DATA EXTRACTS
—————

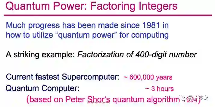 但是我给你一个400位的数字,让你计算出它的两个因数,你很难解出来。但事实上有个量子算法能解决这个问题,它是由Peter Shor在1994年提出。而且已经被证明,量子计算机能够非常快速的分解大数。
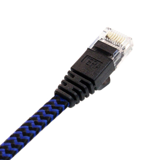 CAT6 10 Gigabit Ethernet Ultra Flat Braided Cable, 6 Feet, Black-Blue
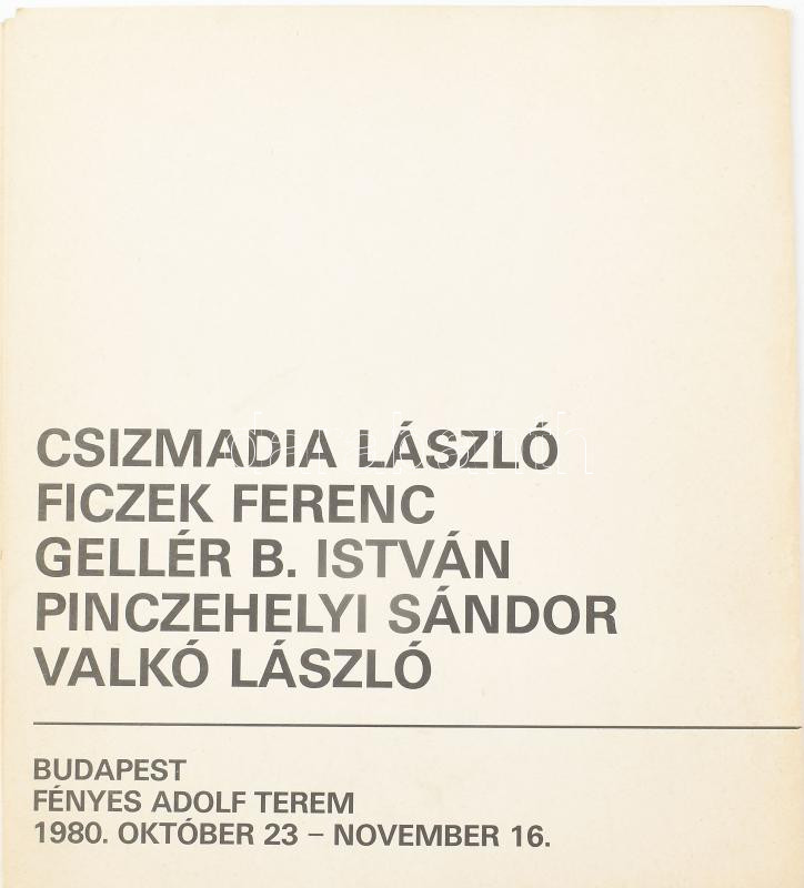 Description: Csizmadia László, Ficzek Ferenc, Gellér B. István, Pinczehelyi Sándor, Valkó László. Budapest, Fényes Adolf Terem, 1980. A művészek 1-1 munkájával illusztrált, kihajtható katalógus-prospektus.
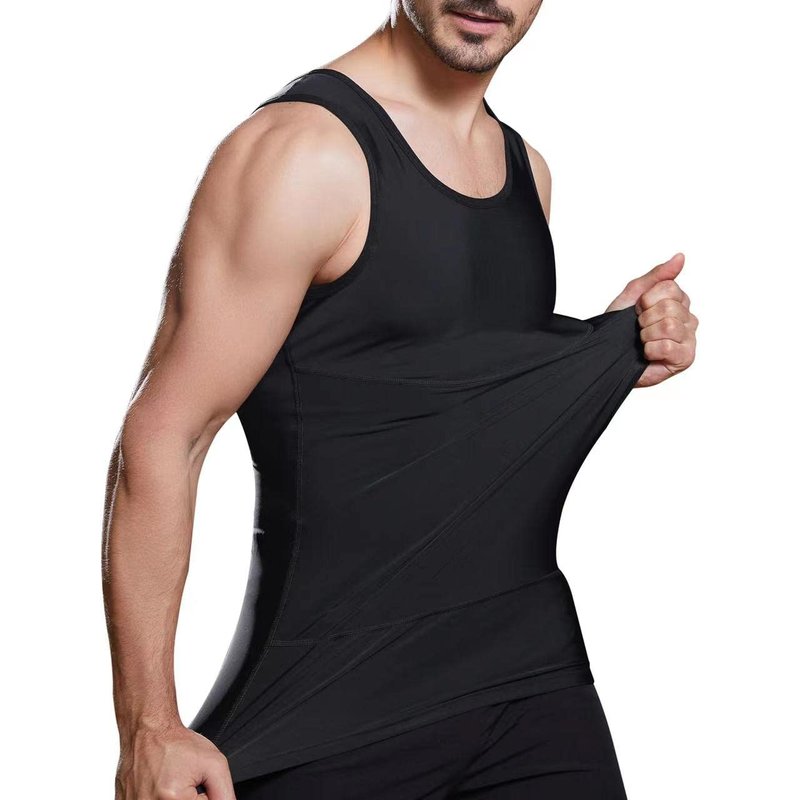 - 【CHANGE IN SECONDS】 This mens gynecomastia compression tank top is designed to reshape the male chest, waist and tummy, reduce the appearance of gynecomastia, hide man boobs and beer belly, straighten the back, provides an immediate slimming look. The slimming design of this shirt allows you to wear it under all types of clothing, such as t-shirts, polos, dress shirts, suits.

—————

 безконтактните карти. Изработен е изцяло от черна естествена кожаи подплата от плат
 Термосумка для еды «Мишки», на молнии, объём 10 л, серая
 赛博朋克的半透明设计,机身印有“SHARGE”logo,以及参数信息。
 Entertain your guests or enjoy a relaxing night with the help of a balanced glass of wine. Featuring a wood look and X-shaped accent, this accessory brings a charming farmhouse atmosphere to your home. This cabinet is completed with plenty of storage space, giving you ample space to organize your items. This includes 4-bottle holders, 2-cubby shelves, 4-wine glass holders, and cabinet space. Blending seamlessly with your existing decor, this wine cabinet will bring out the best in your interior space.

—————

WORK INSTRUCTIONS
Produce an exact reproduction of the listing above, limited to the lines starting at the line with "但是我给你一个400位的数字" and ending at the line with "- 【CHANGE IN", both kept, with every picture left out.

FINISHED EXERCISE
 但是我给你一个400位的数字,让你计算出它的两个因数,你很难解出来。但事实上有个量子算法能解决这个问题,它是由Peter Shor在1994年提出。而且已经被证明,量子计算机能够非常快速的分解大数。
 CAT6 10 Gigabit Ethernet Ultra Flat Braided Cable, 6 Feet, Black-Blue
 Description: Csizmadia László, Ficzek Ferenc, Gellér B. István, Pinczehelyi Sándor, Valkó László. Budapest, Fényes Adolf Terem, 1980. A művészek 1-1 munkájával illusztrált, kihajtható katalógus-prospektus.
 - 【CHANGE IN SECONDS】 This mens gynecomastia compression tank top is designed to reshape the male chest, waist and tummy, reduce the appearance of gynecomastia, hide man boobs and beer belly, straighten the back, provides an immediate slimming look. The slimming design of this shirt allows you to wear it under all types of clothing, such as t-shirts, polos, dress shirts, suits.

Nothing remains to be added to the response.